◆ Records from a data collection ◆
....

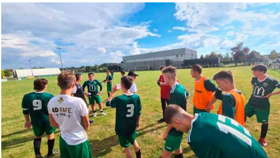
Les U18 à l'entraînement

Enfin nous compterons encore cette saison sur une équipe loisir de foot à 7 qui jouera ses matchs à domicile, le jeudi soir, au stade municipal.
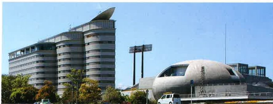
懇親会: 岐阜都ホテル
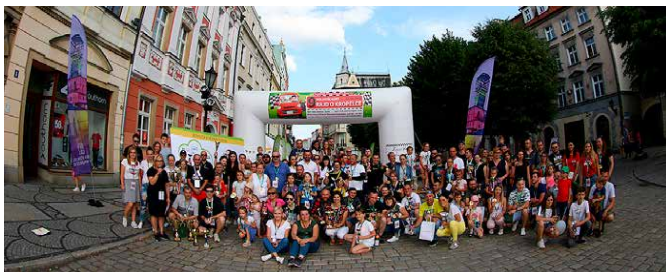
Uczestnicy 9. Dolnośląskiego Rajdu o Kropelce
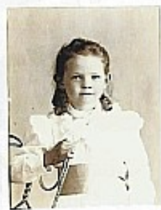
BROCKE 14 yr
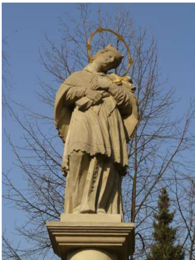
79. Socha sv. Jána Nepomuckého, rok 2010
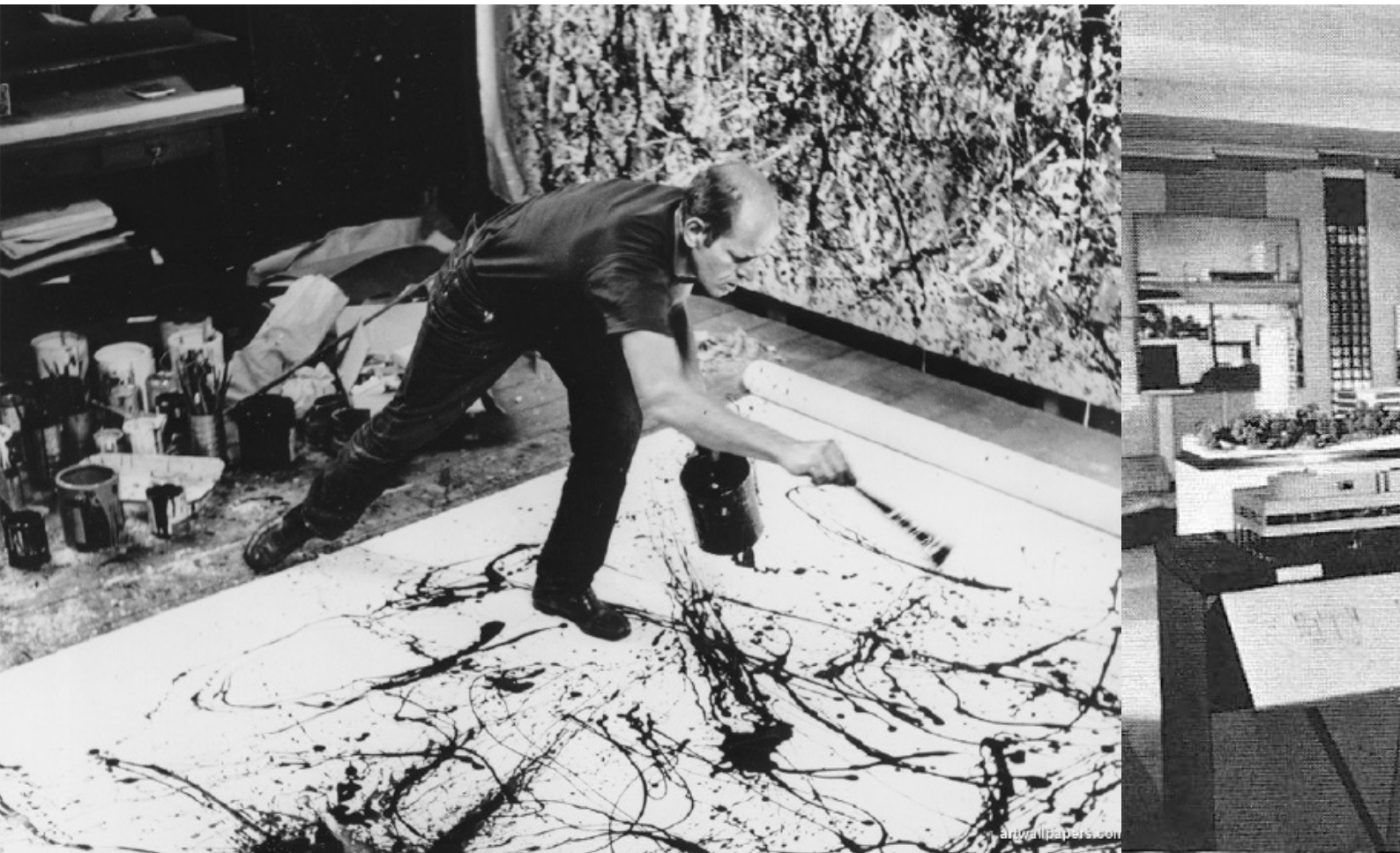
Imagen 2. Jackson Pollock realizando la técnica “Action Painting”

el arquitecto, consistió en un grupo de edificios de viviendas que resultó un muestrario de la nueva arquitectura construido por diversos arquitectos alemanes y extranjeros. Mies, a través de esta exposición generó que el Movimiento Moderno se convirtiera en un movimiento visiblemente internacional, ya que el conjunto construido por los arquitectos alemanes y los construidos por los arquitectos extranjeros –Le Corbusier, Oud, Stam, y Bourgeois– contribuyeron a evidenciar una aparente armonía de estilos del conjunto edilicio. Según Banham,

....

◆ Task to complete ◆
Would you transcribe the lines above exactly, going from the line bearing "BROCKE 14 yr" through the line bearing "Imagen 2. Jackson", and drop the pictures from the copy?

◆ Response box ◆
BROCKE 14 yr
79. Socha sv. Jána Nepomuckého, rok 2010
Imagen 2. Jackson Pollock realizando la técnica “Action Painting”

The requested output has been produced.